Just as a minor point: "We are encouraged to treat students as customers" It's not that we are encouraged, it's that legally they *are* consumers as per existing laws (around supply of services, unfair contractual terms and the more recent CRA). We might dislike this but this is the reality. (note - me mentioning this shouldn't be taken as me supporting this). (Which is a seperate
Brandist is absolutely right and this is an excellent and brave piece. American in Europe seems to suffer from an inability to appreciate irony; the point is not that neoliberalism is somehow the same as Soviet managerialism; it is rather to point up the irony that neoliberalism may have brought about a situation that produces miserable Soviet-style managerial outcomes. Others, like Chris Lorenz, have made a similar argument. Personally, I would put rather less emphasis on neoliberal principles, and a bit more on their misapplication by people from a social science background with little or no historical awareness (or what I would call institutional wisdom) and perhaps a predisposition to the illusory certainties of metrics. But that's just me. The important point is that academic freedom is being seriously eroded by the application of heavy-handed managerialism, whose procedures and processes often need only to be clearly described for their absurdities to be shown for what they are.
Nah, nothing like the USSR.... ...from the THS, October 30, 2014 Huddersfield staff development may be like the Gulag, but it gets results. Deputy vice-chancellor Peter Slee describes the demanding approach that has led to rising standards.
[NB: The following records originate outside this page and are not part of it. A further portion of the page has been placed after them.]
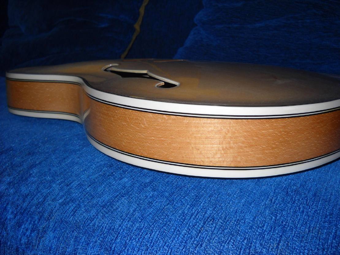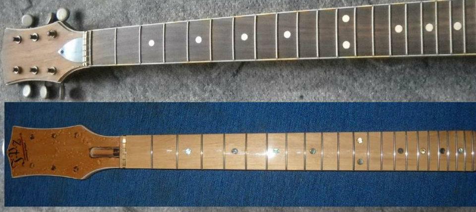 Wrzucam kilka fotek gryfu defilowskiego którego nieco przerobiłem tzn wywaliłem podstrunnice która była z buczyny i z palisandru i zroniłem nowę z orzecha.Z główki zdarłem fornir mahoniowy i dałem fornir z klonu -pawie oko.Oczywiscie jeszcze nie zaszlifowane progi są dopiero po nabiciu i bocznym wyrównaniu.No i podstawek pod mostek Tune-O-Matic zrobiłem z akacji
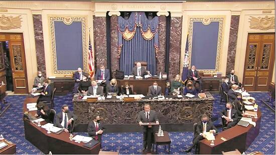当地时间2021年2月9日,美国国会参议院在审理特朗普弹劾案。当天参议院经过投票,以56票同意,44票反对的结果确认了对特朗普弹劾案的审理符合宪法。参议院将继续审理特朗普弹劾案。
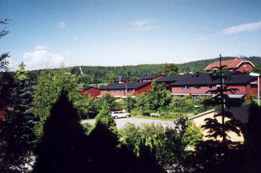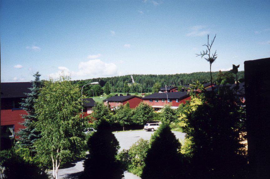 In de verte zie je een skischans. Eigenlijk zijn er drie skischanzen vlak naast elkaar. Degene die je ziet is de hoogste. Benieuwd naar het uitzicht op de schans?
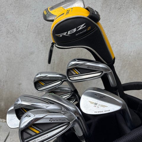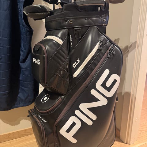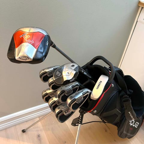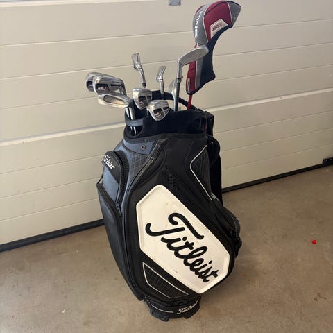 Links Calleway Rouge jernsett med wedge 52/56/60 grader. Tour bag, samt eldre Odyssey two ball putter tilsalgs
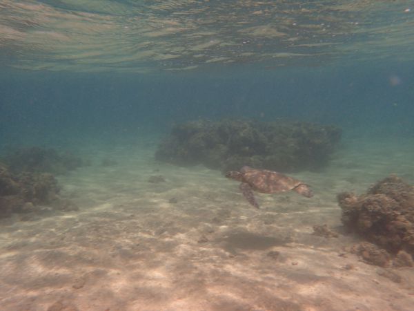 Most times the turtles would swim in opposite directions. Sometimes they would turn towards you though and you'd have to try and swim away.
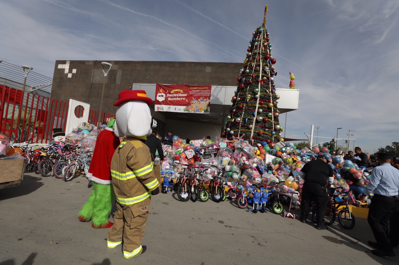 Bicicletas, balones, muñecas, pistas de carros, robots, muñecos de peluche, guitarras, juegos de té, carreolas de juguete, juegos de mesa, superhéroes, cajas de figuras armables, pelotas, entre otros juguetes fueron recibidos por Santa Bombero, Bombocan y El Grinch.
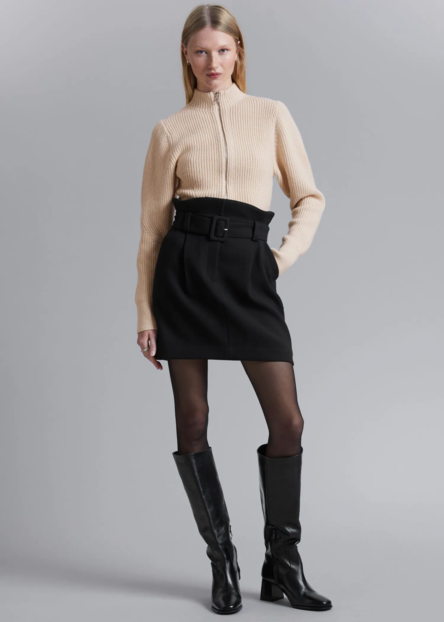 Mini-Nederdel Med En Paperbag-Talje Sikret Med Et Tonalt Spændebælte. Lynlåsgylp Med Krog- Og Stanglukning Bæltestropper Duo Stiklommer Duo Paspolerede Lommer Bagpå Længde På Nederdel: 42,5 Cm / 16,7″ (Eu 36 / Uk 8 / Us 4)

I am afraid that American in Europe has lost sight of what goes on now in US state universities, where censorship is standard (it is also all too common in certain private un diversities, especially those with a clear religious identity, look at the Laetare medal protests at Notre Dame.) The state of Wisconsin has abolished tenure, following a UK model, the state of Illinois has imposed mandatory budget cuts on all staff salaries. The list could go on, and of course in Texas and Georgia state legislatures have awarded students the right to bring concealed guns to their classes. In the USSR that, at least, was not tolerated.
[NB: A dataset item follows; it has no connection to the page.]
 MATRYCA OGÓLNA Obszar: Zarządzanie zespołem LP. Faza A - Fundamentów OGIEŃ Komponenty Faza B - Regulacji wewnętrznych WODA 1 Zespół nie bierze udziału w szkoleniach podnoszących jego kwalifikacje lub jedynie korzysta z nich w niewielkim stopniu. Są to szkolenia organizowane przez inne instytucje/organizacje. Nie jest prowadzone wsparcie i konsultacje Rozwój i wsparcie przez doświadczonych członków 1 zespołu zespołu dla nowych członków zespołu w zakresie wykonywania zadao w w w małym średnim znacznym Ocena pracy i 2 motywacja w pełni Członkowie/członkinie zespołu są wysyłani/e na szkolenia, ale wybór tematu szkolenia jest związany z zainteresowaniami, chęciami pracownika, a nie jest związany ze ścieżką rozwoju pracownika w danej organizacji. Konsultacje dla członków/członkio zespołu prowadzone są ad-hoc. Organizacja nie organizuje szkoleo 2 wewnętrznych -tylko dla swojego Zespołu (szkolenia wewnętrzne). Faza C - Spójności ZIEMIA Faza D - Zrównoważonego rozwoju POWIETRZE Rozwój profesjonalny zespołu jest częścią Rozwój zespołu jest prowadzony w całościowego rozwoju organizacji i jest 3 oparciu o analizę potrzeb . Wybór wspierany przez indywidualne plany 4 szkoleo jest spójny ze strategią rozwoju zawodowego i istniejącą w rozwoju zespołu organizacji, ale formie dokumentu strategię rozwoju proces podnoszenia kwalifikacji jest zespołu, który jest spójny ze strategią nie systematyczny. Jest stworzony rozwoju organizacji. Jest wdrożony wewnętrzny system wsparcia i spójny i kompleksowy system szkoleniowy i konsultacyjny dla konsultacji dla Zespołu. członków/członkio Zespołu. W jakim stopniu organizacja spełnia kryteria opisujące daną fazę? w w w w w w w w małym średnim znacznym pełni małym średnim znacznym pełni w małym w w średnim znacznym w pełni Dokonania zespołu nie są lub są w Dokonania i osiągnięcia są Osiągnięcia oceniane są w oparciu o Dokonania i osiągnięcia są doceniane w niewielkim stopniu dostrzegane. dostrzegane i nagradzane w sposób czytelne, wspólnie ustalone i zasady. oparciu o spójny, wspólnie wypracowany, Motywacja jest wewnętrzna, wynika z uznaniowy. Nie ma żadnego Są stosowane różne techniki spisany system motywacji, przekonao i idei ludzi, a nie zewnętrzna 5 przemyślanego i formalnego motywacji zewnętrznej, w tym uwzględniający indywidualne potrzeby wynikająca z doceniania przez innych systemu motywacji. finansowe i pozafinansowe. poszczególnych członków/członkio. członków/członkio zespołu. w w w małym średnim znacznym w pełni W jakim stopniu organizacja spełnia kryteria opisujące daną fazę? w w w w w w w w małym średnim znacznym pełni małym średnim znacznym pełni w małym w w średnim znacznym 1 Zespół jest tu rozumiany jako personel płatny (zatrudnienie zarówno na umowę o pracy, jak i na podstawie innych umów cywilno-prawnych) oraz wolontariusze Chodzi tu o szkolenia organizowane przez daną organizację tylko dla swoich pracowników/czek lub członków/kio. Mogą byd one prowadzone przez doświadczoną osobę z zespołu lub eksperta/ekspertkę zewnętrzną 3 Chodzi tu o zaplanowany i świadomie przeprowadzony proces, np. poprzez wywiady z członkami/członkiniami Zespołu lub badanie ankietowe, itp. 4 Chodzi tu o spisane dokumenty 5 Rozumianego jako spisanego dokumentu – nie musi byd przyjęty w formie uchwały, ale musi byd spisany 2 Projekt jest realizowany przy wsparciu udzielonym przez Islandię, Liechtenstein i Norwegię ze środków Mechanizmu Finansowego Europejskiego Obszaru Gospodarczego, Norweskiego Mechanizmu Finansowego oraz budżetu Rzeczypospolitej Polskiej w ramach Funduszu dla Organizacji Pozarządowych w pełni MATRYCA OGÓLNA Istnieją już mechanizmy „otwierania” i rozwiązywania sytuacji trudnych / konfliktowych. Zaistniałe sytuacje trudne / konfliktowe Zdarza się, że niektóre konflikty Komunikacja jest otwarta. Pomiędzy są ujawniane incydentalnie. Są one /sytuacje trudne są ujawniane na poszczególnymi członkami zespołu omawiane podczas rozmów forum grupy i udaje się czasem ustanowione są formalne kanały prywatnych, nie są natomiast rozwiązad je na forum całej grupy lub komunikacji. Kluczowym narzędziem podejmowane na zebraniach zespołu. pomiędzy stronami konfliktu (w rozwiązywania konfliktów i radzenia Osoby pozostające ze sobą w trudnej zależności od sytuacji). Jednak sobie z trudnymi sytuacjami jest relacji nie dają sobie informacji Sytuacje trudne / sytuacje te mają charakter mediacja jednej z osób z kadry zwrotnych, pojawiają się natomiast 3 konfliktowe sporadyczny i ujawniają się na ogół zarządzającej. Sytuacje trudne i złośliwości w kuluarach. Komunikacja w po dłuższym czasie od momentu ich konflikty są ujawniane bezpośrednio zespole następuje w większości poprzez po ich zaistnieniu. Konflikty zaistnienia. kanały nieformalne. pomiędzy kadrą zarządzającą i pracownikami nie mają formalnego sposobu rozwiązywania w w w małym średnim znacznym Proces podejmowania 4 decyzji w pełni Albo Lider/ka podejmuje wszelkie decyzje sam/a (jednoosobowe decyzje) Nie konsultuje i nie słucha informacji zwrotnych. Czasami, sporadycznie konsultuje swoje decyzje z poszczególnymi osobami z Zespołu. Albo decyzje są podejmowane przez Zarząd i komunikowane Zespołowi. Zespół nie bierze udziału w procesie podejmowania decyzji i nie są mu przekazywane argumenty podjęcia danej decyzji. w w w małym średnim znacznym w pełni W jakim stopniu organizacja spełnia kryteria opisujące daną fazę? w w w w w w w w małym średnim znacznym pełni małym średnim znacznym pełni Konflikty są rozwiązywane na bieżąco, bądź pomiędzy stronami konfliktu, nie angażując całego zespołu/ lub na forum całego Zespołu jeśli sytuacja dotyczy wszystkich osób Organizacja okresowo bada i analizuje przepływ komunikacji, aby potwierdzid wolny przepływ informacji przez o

I think a more apt frame is Taylorism. Universities are belatedly undergoing the forms of managerialism common the the early/mid 20th century, whereas private sector creative/knowledge economy employers have long since abandoned 'time and motion' in favour of Montessori management styles.
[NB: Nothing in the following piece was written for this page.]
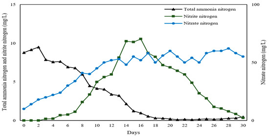 Additionally, the concentrations of total ammonia nitrogen (TAN), nitrite nitrogen (NO2−-N), and nitrate nitrogen (NO3−-N) were determined before feeding and analyzed every three days. This analysis was performed using an absorbance photometer (Merck KGaA, Darmstadt, Germany) along with an analytical reagent kit (Merck KGaA, Darmstadt, Germany), employing a colorimetric method.
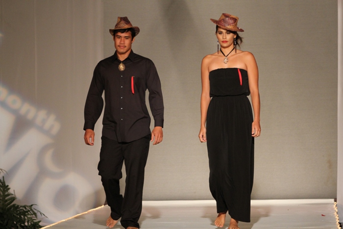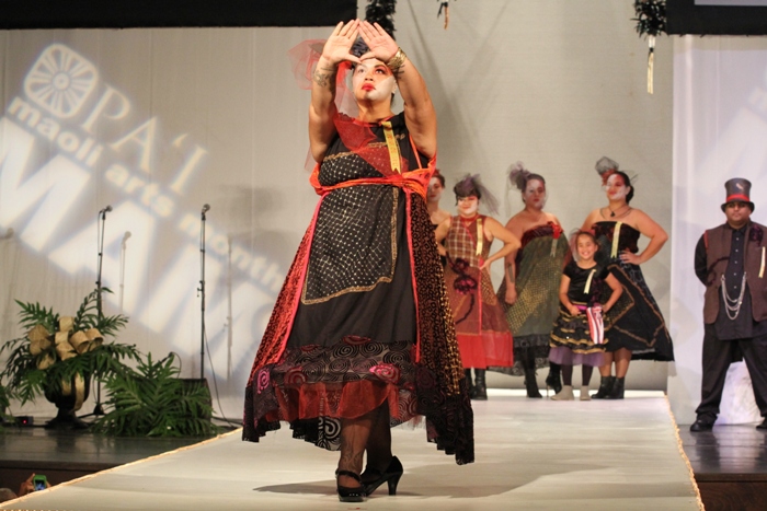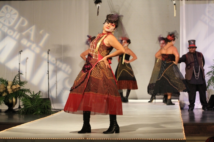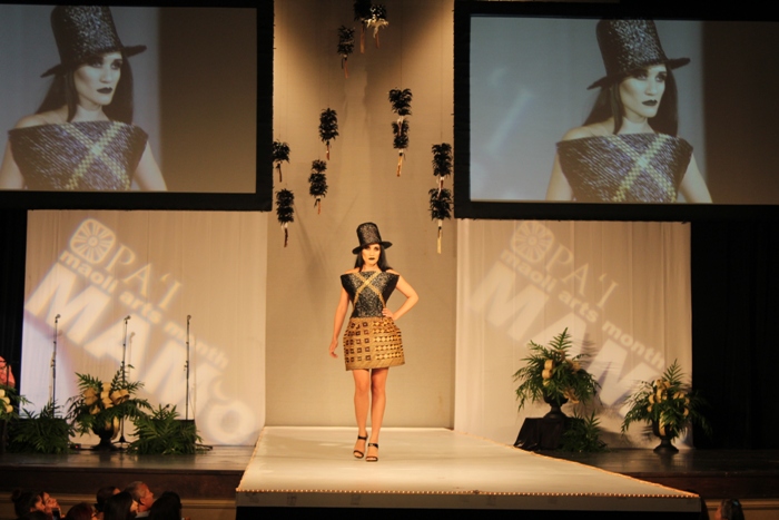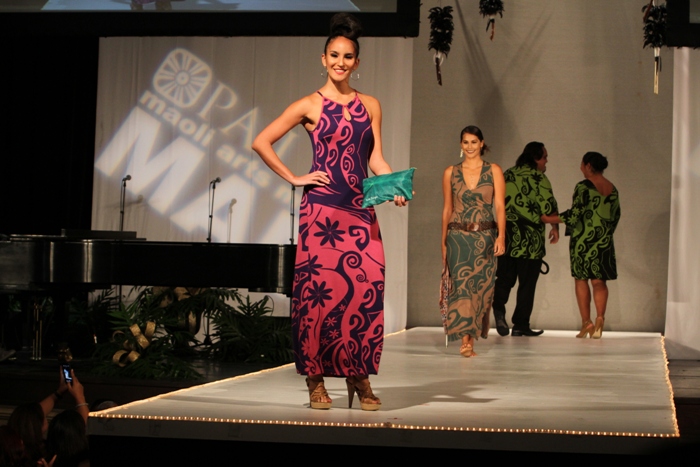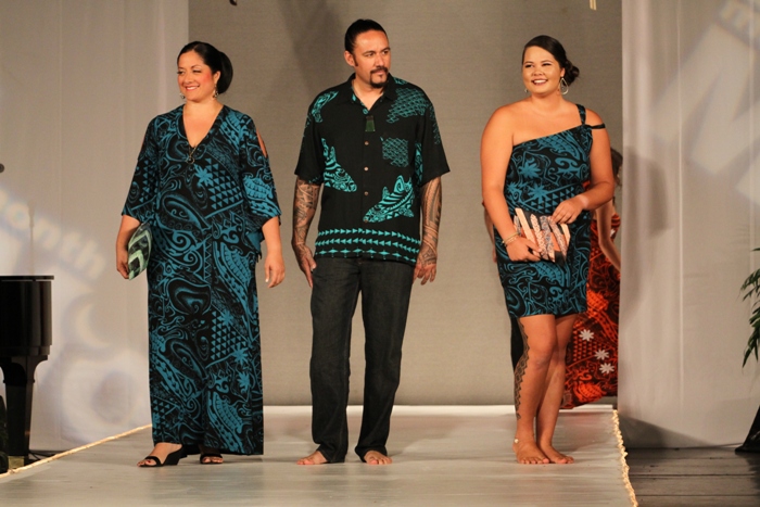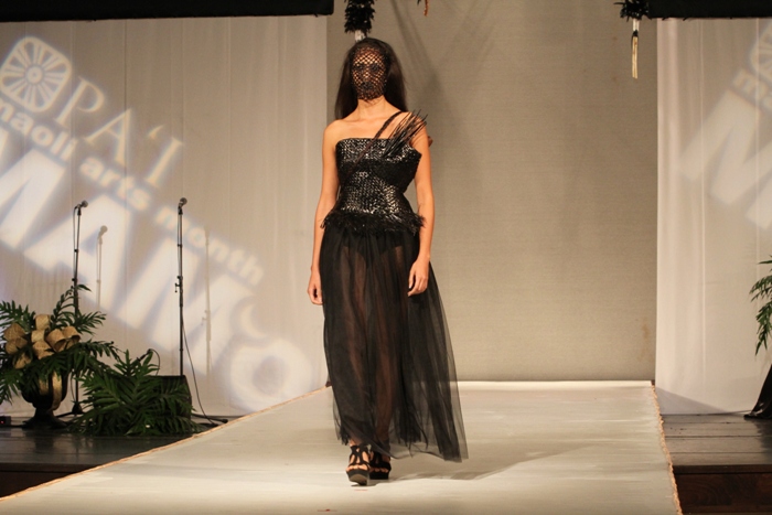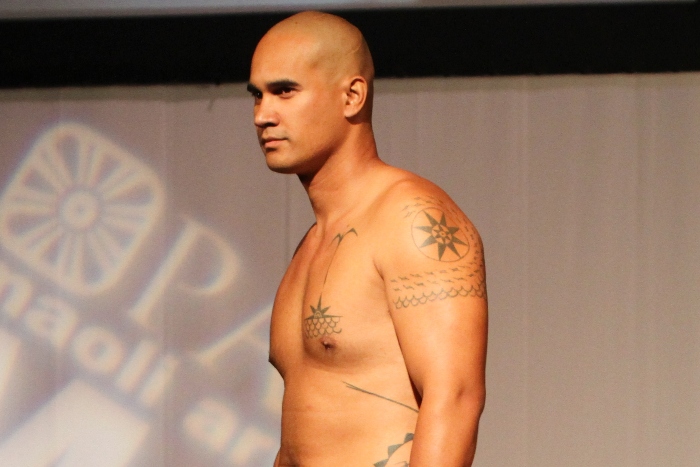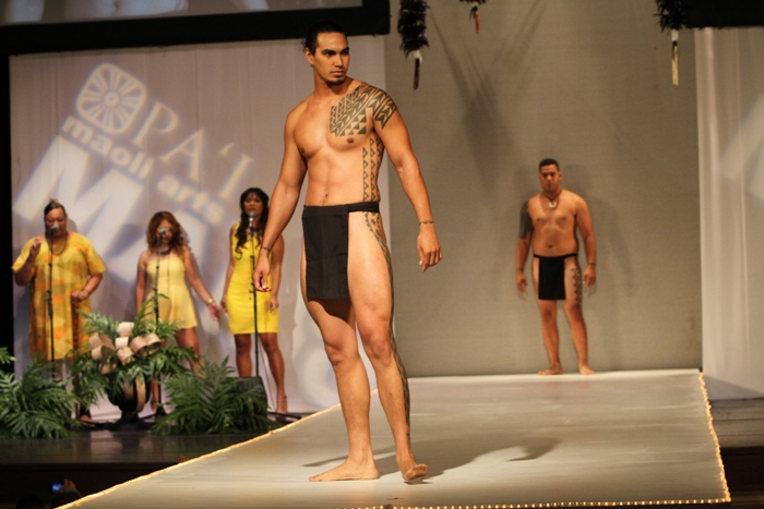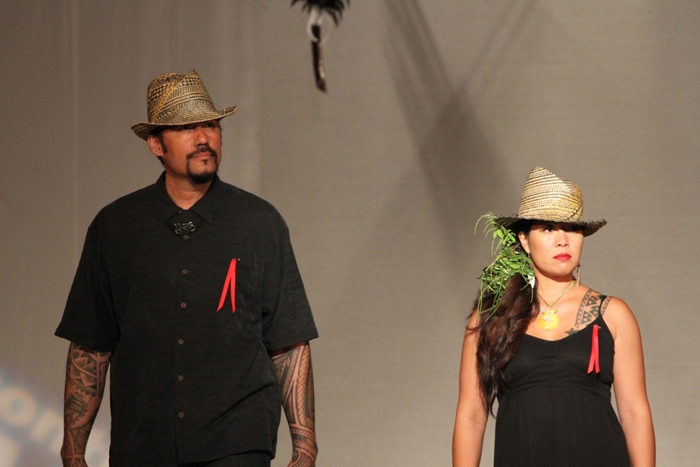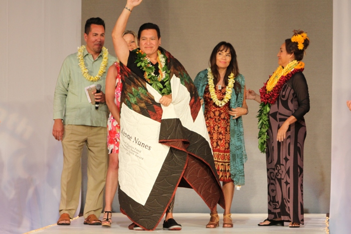 Representatives from The First People’s Fund, a non-profit organization based in South Dakota that supports indigenous artists presented Keone Nunes with the 2015 Jennifer Easton Community Spirit Award. He was recognized for his contribution to perpetuating the Polynesian culture through traditional tattooing (kakau) passed down from his elders. MAMo Wearable Art Show producer Vicky Holt Takamine was a past recipient of the award.

Craig is absolutely right here. From my experience of working in HE for 20 years, it has definitely developed in the direction he describes. In a sense, the technicalities are not important. The erosion of intellectual freedom, the reduced emphasis on collegiality, the toxic environment, the lack of humanity, the callous and inhumane treatment of staff, the impossibility of creativity - these are the important issues and will be the death of HE as we have known it.